Wednesday, February 17, 2016

Kiribati Bails Out



The low-lying island nation of Kiribati (formerly "Christmas Island") is buying real estate on the larger Fiji Island and planning to move everybody out, on account of, well, you know, water.
The country's outgoing president Anote Tong said the accelerating effects of climate change meant he had given up dealing with the day-to-day issues to concentrate on finding creative solutions for his low-lying country.

He told a climate change conference in Wellington those include building up the atolls, floating islands and buying land in Fiji.
Mr Tong said he had also tried to motivate the 100,000 strong population to prepare and adapt themselves for what he calls migration with dignity.
(Image of failed Kiribati seawall via indaily.com.au)

4 comments:

William M. Connolley said...

Could be a sensible solution. How does it stack up, cost-wise?

Michael Tobis said...

Odd, coming from someone like you who lives in such a culturally and historically rich place. To your question, I don't know, maybe, but this doesn't scale to Bangladesh worth a damn.

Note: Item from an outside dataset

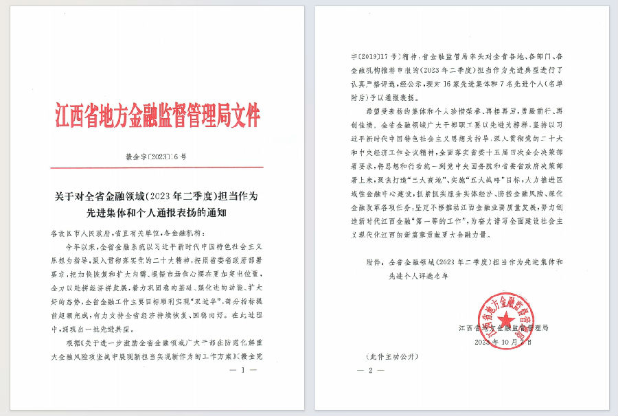 根據(jù)省委組織部 省金融監(jiān)督管理局黨組《關(guān)于進(jìn)一步激勵(lì)全省金融領(lǐng)域廣大干部在防范化解重大金融風(fēng)險(xiǎn)攻堅(jiān)戰(zhàn)中展現(xiàn)新?lián)?dāng)實(shí)現(xiàn)新作為的工作方案》(簡(jiǎn)稱工作方案)(贛金黨字〔2019〕17號(hào)),省金融監(jiān)管局牽頭組織開(kāi)展了全省金融領(lǐng)域(2023年二季度)擔(dān)當(dāng)作為先進(jìn)典型推薦報(bào)送及評(píng)選工作。

Also as I pointed out here a few years back, there's huge infrastructure risk in developed countries. This issue is coming up now on the US east coast, where sea level rise is accelerated by regional climate change.

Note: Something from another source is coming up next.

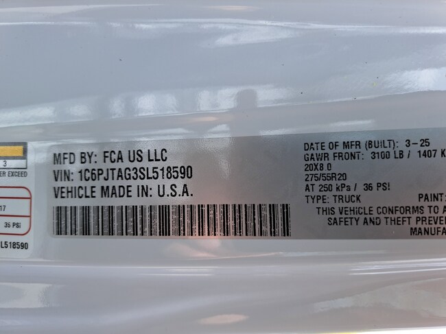 - VIN : 1C6PJTAG3SL518590

The point is not how individuals or particular groups cope so much as that the problems are already starting and getting in gear for the adaptation is happening in some quarters (while not in others where it really ought to).

Tom said...

"An increasing number of atoll studies are not supporting claims of Pacific island leaders that “islands are sinking.” Scientific studies published this year show, for example, that land area in Tuvalu’s capital atoll of Funafuti grew seven percent over the past century despite significant sea level rise. Another study reported that 23 of 27 atoll islands across Kiribati, Tuvalu and the Federated States of Micronesia either increased in area or remained stable over recent decades."

http://pacificpolicy.org/2015/05/so-far-most-atolls-winning-the-sea-level-rise-battle/

I sometimes look for grand and overarching reasons not to take care of daily business as well. Fortunately I have a wife.

Michael Tobis said...

sorta

https://www.newscientist.com/article/dn27639-small-atoll-islands-may-grow-not-sink-as-sea-levels-rise/

Lots of caveats there.

I think the main trouble with this kind of "growth" is, you don't live on an average area. For one thing, new coral detritus isn't really dry land yet. For another, if your island gets swamped by storms more often it's little consolation that its area is increasing.

Think about it. Pictures of atolls look like low-lying land anywhere. What does this "new area" look like? How long would it take to develop soil?

I'm not an expert on this by any means, but I find it hard to believe that this sort of growth helps in rapid sea level rise scenarios. As usual, it's crucial to remember that you ain't seen nothin' yet.